(Problem): Leave the pictures aside. Retype exactly the lines from the top of the data below through the one holding "カードカラースカート レディース ハイウエスト".
▬▬▬▬▬▬
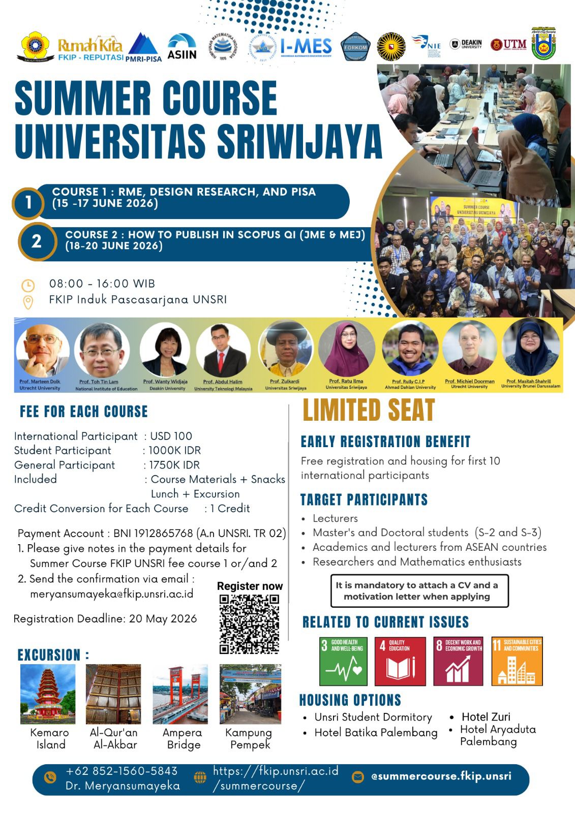 Post Views: 17 By adminMarch 17, 2026NewsLeave a Comment on Summer Course PMRI-PISA-Scopus Journal Unsri 2026
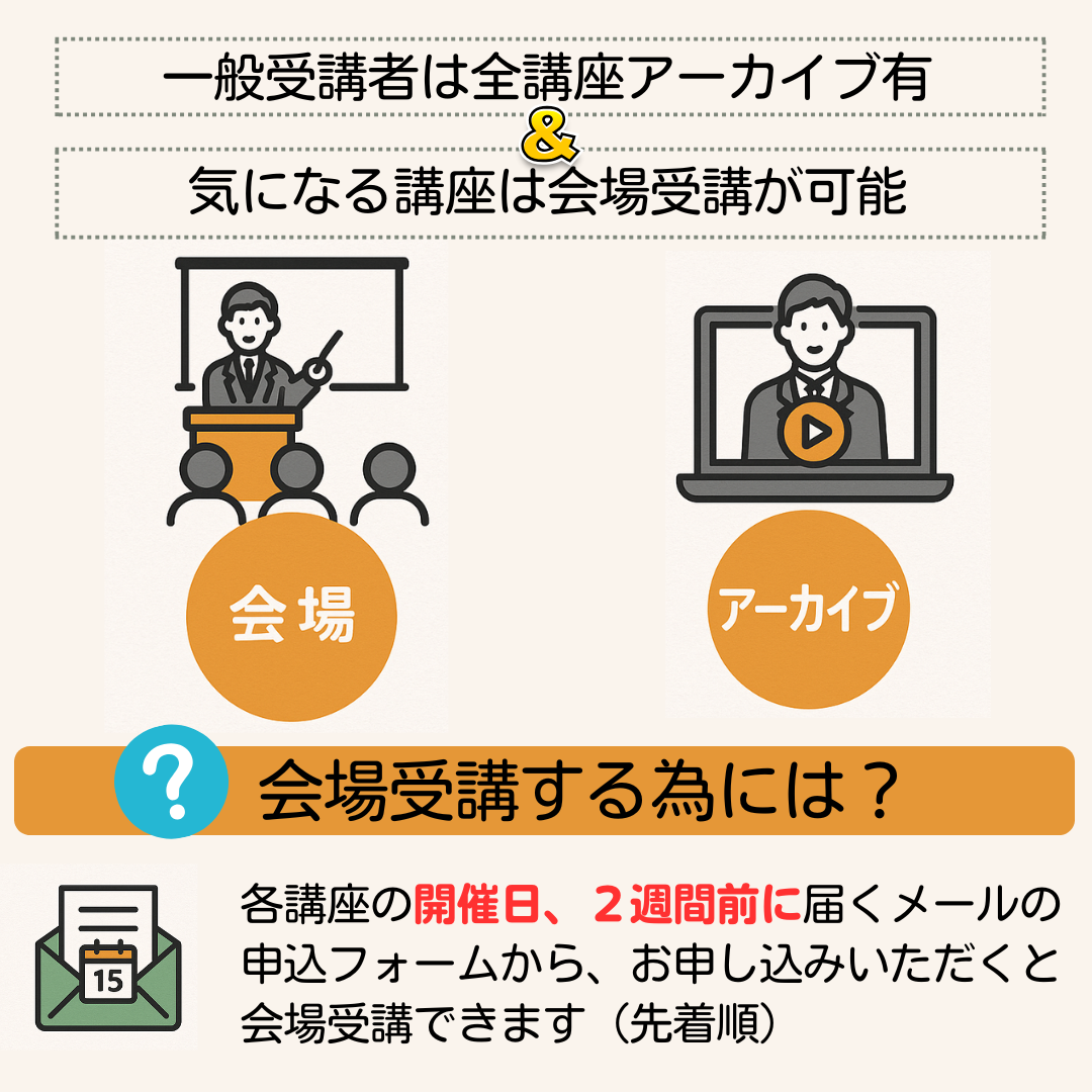 受講形式: 対面(東京)とオンライン(アーカイブ配信)
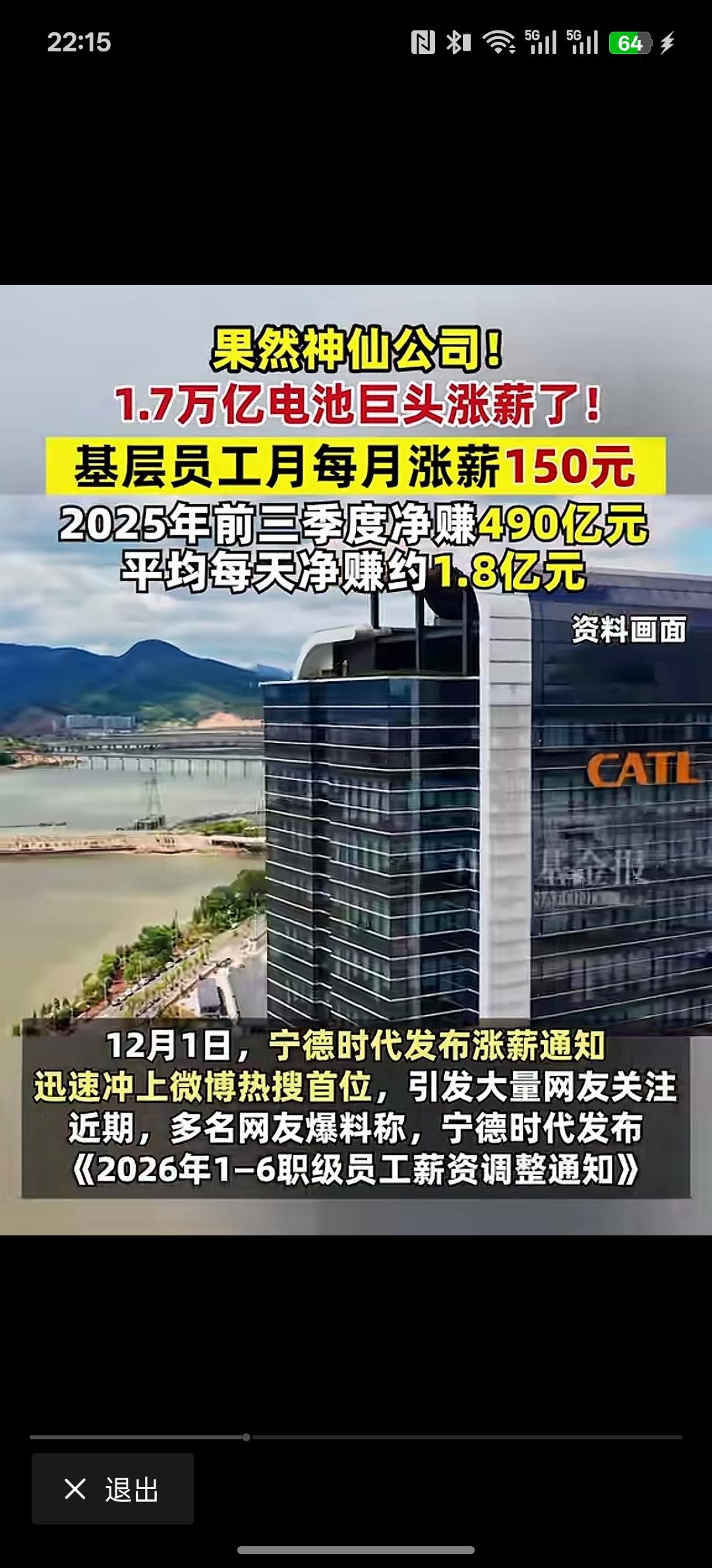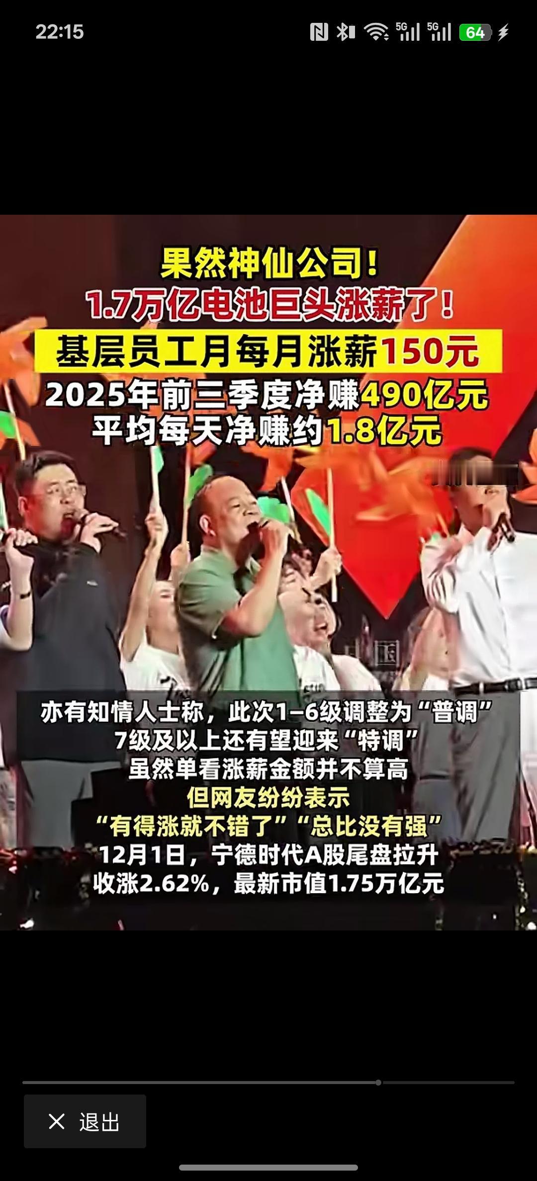 宁德时代确实很赚钱,一个10万的大厂,1到6职级全部员工上调工资150元,所以中国要多创造几家这样的企业福利水平,待遇自然会提高!中国如果有50家这样的企业,害怕中国的消费提升不起来吗?只要老百姓工资上调提升,自然就有消费能力!企业赚钱了,就应该给员工涨工资,有些企业甚至抠抠搜搜的,一毛不拔,十年不涨一次工资!所以怎么能消费得起物价上涨?工资不涨只等着国家硬性要求才涨一点工资,所以这样的企业只能维持员工的基本生计!却无法让居民财富有增收!
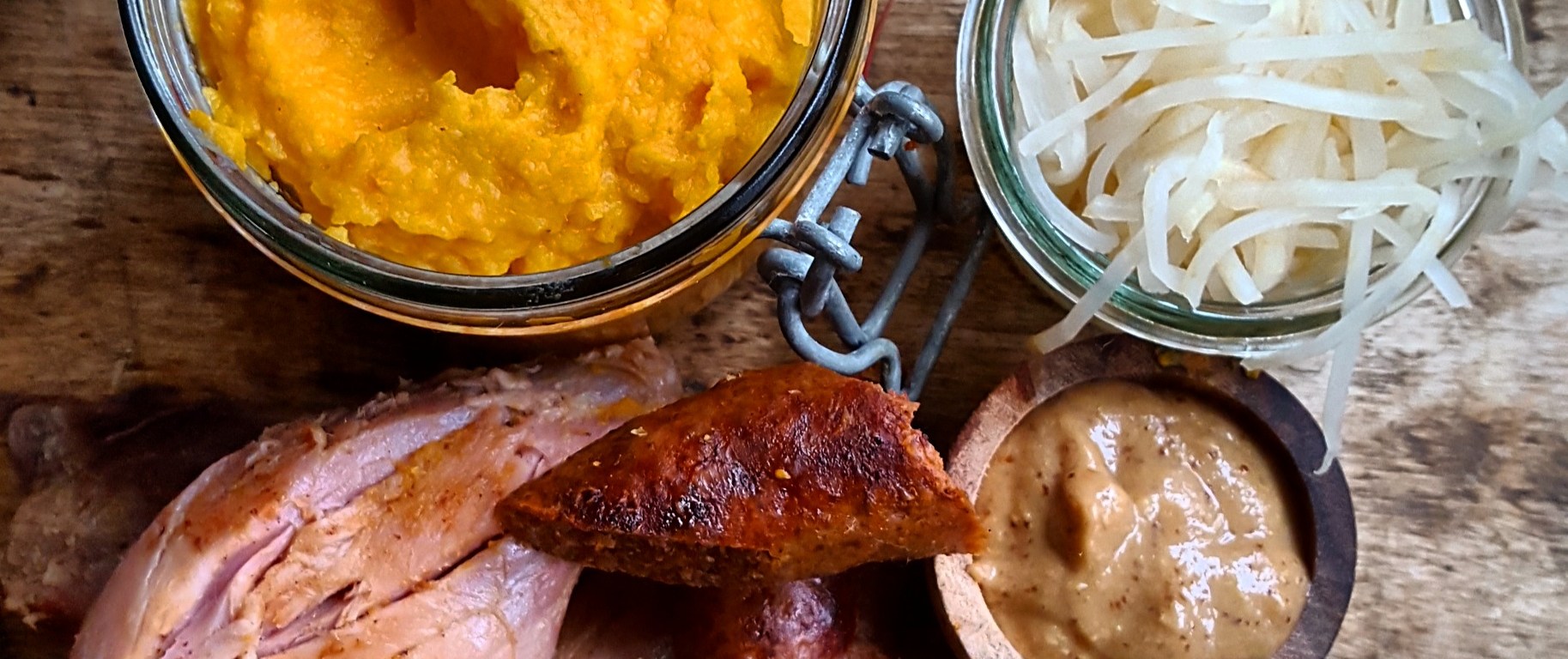 Jeg serverte søtpotetpurè til kokt svineknoke og pølser fra Pølseveven.
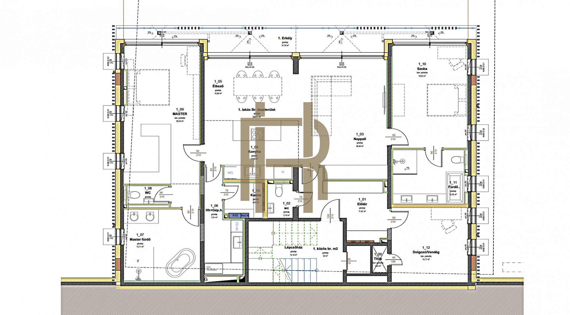 • Fürdőszobák: 2 teljes fürdő + vendég WC
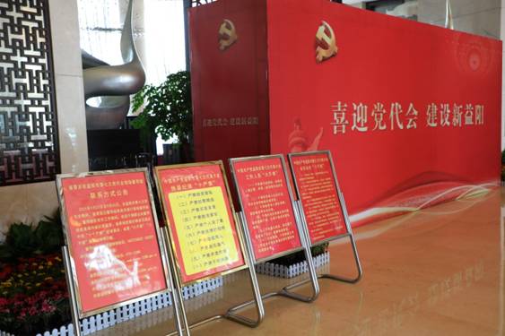 ▲在市委市政府机关大楼、党代会主会场和分会场、党代表驻地等地张贴“十严禁”“六不得”和“八不准”等换届纪律要求,设立举报箱,公布举报受理电话
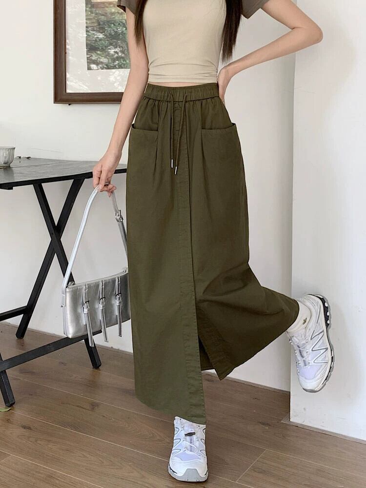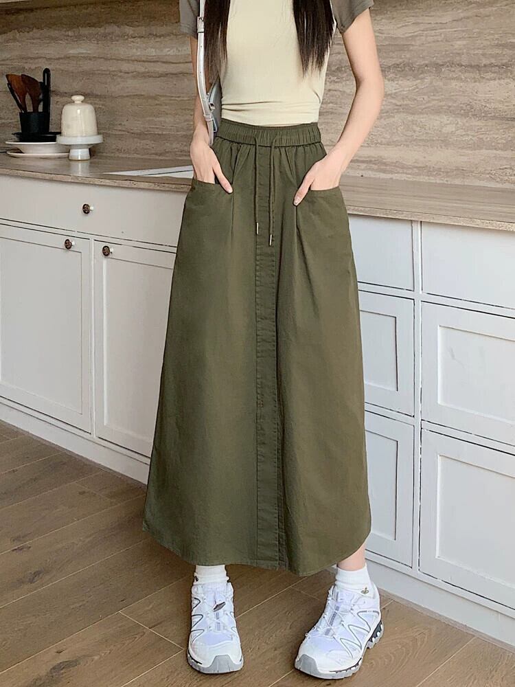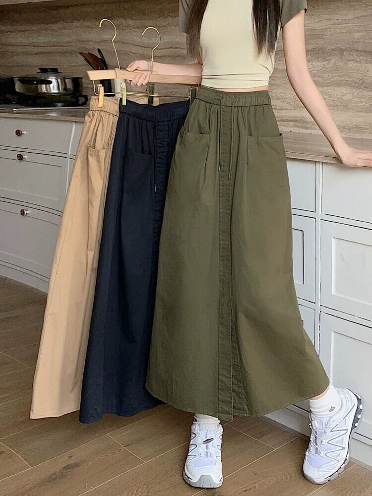 カードカラースカート レディース ハイウエスト 薄手 Aラインスカート 2023年夏新作 梨型ボディ ミドル丈スカート ヒップ付き ハイウェスト サマー 夏物 8571623971373164
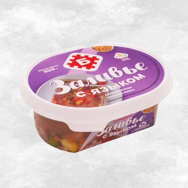 вода питьевая, язык свиной, морковь, желатин пищевой, кукуруза в зернах, горошек зеленый, соль йодированная, комплексная пищевая добавка (декстроза, ароматизатор "Дрожжевой экстракт", соль йодированная, усилитель вкуса и аромата, ароматизатор "Мясо", экстракт любистка, усилитель вкуса и аромата, гидролизат растительного белка), комплексная пищевая добавка (мальтодекстрин, глюкоза, экстракты приправ (чеснок, перец белый), имбирь, антиокислитель; регуляторы кислотности, консервант, соль).
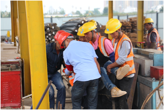 上午10時演練開始。鋼筋加工車間工人們正緊張有序地進行生產(chǎn),突然彎箍機處傳來“嘭”的一聲。副指揮長接到報告:“二標段鋼筋加工棚發(fā)生一起事故,事故原因不明……”。應急救援指揮小組在接到報告后,立即趕往事發(fā)地點并啟動項目緊急預案,組織人員進行應急救援。隨后,醫(yī)療救援組到達現(xiàn)場,立即采取“口對口人工呼吸法”和“心臟胸外擠壓法”對觸電人員急救(人工呼吸和胸外按壓方法);立即向120急救中心求助,報告事故地點和基本情況。緊接著,疏散警戒組警戒聯(lián)絡組員在組長指導下迅速拉起警戒線,引導周圍工人撤離到安全區(qū)并疏散圍觀人員,既杜絕了二次觸電的可能也為現(xiàn)場救護提供了足夠的場地。
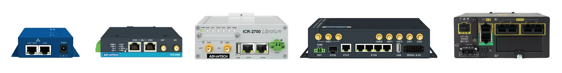 Designed for critical communications, this equipment meets a variety of uses such as video surveillance, IoT, VPNs, remote access, telemetry, or geolocation. From well-known brands like Cisco and Advantech, they combine robustness, advanced networking functions, and varied connectivity options, with models featuring WiFi, LAN, WAN, USB, serial, and I/O for Edge. Some are also manageable.
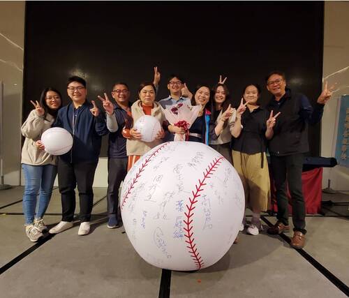 大會最後也祭出彩蛋,拿出一個特大的氣球,由二位協會新舊任理事長張簡智鵬、蔡淑娟與吳立森局長,一起在氣球上簽名。隨後,協會新任理監事、諮詢委員、顧問,也分別上台簽名,象徵新舊任理事長與團隊的交接,揮球成功,棒棒皆強棒!
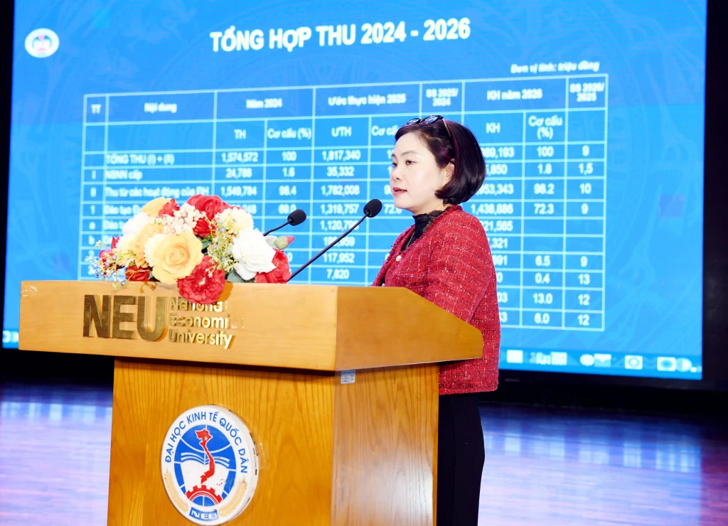Về phương hướng, nhiệm vụ năm 2026, Giám đốc Đại học nhấn mạnh Đại học Kinh tế Quốc dân sẽ tiếp tục tập trung kiện toàn tổ chức bộ máy; rà soát, hoàn thiện chiến lược phát triển; đẩy mạnh đổi mới quản trị đại học; nâng cao chất lượng đào tạo, nghiên cứu khoa học và phục vụ cộng đồng. Cùng với đó, Đại học chú trọng phát triển đội ngũ giảng viên, viên chức; tăng cường chuyển đổi số, ứng dụng công nghệ trong quản lý và đào tạo; tiếp tục cải thiện điều kiện làm việc, học tập, tạo động lực để toàn thể viên chức, người lao động và người học đồng hành cùng Đại học trong giai đoạn phát triển mới.
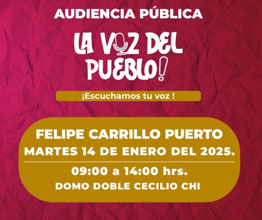 En la primera emisión del 2025 del programa “La Voz del Pueblo”, la mandataria invitó a la población a realizar su prerregistro para la audiencia, disponible desde este lunes 6 de enero en la delegación de la Secretaría de las Mujeres (SEMUJERES) en Felipe Carrillo Puerto o llamando al 983 835 1350, extensión 300 401.
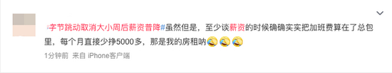 对于字节员工的“哀嚎”,许多网友并不理解。在话题“字节跳动取消大小周后薪资普降”下,有不少网友都疑惑到:“只是加班费没了,怎么能等于薪资普降?”
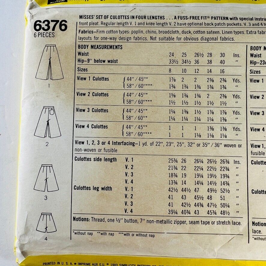 Vtg Simplicity Pattern 4 Culottes Center and 50 similar items
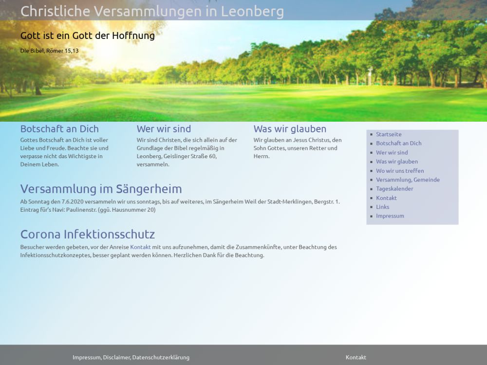 Wir sind Christen, die sich allein auf der Grundlage der Bibel regelmäßig in Leonberg, Geislinger Straße 60, versammeln.Wir glauben an Jesus Christus, den Sohn Gottes, unseren Retter und Herrn.
▬▬▬▬▬▬
(Answer space):
 Post Views: 17 By adminMarch 17, 2026NewsLeave a Comment on Summer Course PMRI-PISA-Scopus Journal Unsri 2026
 受講形式: 対面(東京)とオンライン(アーカイブ配信)
 宁德时代确实很赚钱,一个10万的大厂,1到6职级全部员工上调工资150元,所以中国要多创造几家这样的企业福利水平,待遇自然会提高!中国如果有50家这样的企业,害怕中国的消费提升不起来吗?只要老百姓工资上调提升,自然就有消费能力!企业赚钱了,就应该给员工涨工资,有些企业甚至抠抠搜搜的,一毛不拔,十年不涨一次工资!所以怎么能消费得起物价上涨?工资不涨只等着国家硬性要求才涨一点工资,所以这样的企业只能维持员工的基本生计!却无法让居民财富有增收!
 Jeg serverte søtpotetpurè til kokt svineknoke og pølser fra Pølseveven.
 • Fürdőszobák: 2 teljes fürdő + vendég WC
 ▲在市委市政府机关大楼、党代会主会场和分会场、党代表驻地等地张贴“十严禁”“六不得”和“八不准”等换届纪律要求,设立举报箱,公布举报受理电话
 カードカラースカート レディース ハイウエスト 薄手 Aラインスカート 2023年夏新作 梨型ボディ ミドル丈スカート ヒップ付き ハイウェスト サマー 夏物 8571623971373164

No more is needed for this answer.